We need to change the world. No one else is gonna do it for us. But how? This is a pretty huge prescription to swallow, hey?
The first step is to change the attitudes within ourselves. Whenever the world is saying no to fat chicks we have to stand up and say to ourselves that this isn’t right! And then we have to scream it out to the world in any way we can. Boycott those who treat fat folk in an unfriendly manner. Start talking to friends and family about it. Maybe start a zine or website. =) Find out about a protest or start your own. Sing it out, sisters and brothers!
Maybe what’s most important is to keep a sense of perspective. It is a hard world for fat folk right now. Everywhere we turn we are confronted by stereotypes, pity, and sometimes even anger. And it’s hard not to collapse under all that pressure from everyone around you – Hate yourself. Be thin. You’re gonna die. You’re never going to be truly happy as you are.
I remember watching an episode of Dr. Phil a while ago with some very articulate fat chicks on – who I later found out were quite high-standing members of NAAFA, though that was never mentioned on the show at all.

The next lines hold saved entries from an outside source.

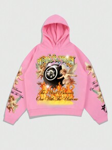 Street Life sweat-shirt à capuche ample à imprimé de portrait d'homme, avec graphique XOXO/Baisers/Cupidon/Ange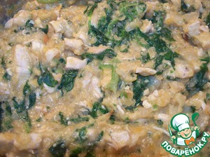 Снимаем нашу смесь с огня и добавляем шпинат, хорошенько перемешиваем.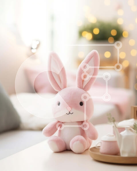 Intra Συλλεκτικό Ξύλινο Παζλ Plywood 4mm – Παιχνίδι με ροζ λαγουδάκι με φλιτζάνια τσαγιού στο τραπέζι Σε Ξύλινο Κουτί – Διαστάσεις Puzzle: 10×10 cm – 25 κομμάτια
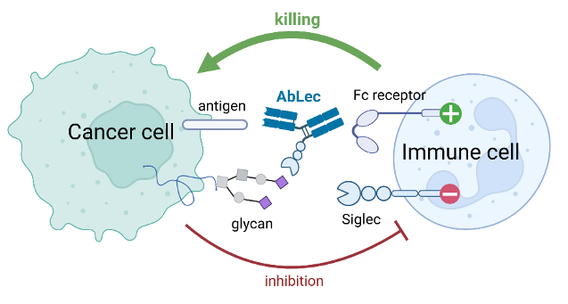 A new study, just published in Nature Biotechnology, presents a novel strategy to interfere with these sugar-based interactions. A multi-institutional research team developed antibody-lectin chimeras, called AbLec. These engineered molecules combine a conventional antibody that guides them specifically to tumor cells with a lectin domain that binds to tumor cell glycans. This structure allows AbLec to block inhibitory signals which cancer cells use to protect themselves from immune cell attack and at the same activate these immune cells via their antibody part.

Dr. Phil was attacking one of the women about her own self-acceptance (way to give good therapy, Phil!!) and he asked her, “So, if there was a pill you could take, with no negative side effects, that magically made you thin, would you take it?”

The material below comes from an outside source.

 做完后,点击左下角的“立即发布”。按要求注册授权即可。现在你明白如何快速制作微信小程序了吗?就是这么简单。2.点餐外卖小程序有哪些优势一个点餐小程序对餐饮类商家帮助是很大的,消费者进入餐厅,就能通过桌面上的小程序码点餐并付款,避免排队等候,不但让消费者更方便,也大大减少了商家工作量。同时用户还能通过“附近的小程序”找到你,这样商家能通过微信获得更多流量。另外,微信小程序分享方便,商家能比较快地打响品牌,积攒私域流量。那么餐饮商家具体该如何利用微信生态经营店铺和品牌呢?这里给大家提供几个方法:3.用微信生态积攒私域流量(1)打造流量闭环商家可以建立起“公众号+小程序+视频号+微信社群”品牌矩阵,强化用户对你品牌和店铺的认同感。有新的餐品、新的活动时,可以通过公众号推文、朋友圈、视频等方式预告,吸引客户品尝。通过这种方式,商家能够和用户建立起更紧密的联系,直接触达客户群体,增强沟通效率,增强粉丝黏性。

Haha. Trick question, isn’t it? I think it’s very possible anyone would truthfully answer yes. But that doesn’t get into the complication, the real meat of the issue – WHY would we want to take it? Do we really not like our bodies, or do we not like how we’re treated and how we must live because of it? If we hadn’t been brainwashed from birth, WOULD we want to take that pill?
I’m guessing there would be no need for it. So if you are one of those millions who hate their bodies, try thinking about why you do. I have a really good feeling that none of the answers came from you. And who wants to live by someone else’s standards anyway?!? Vive le freedom!!!!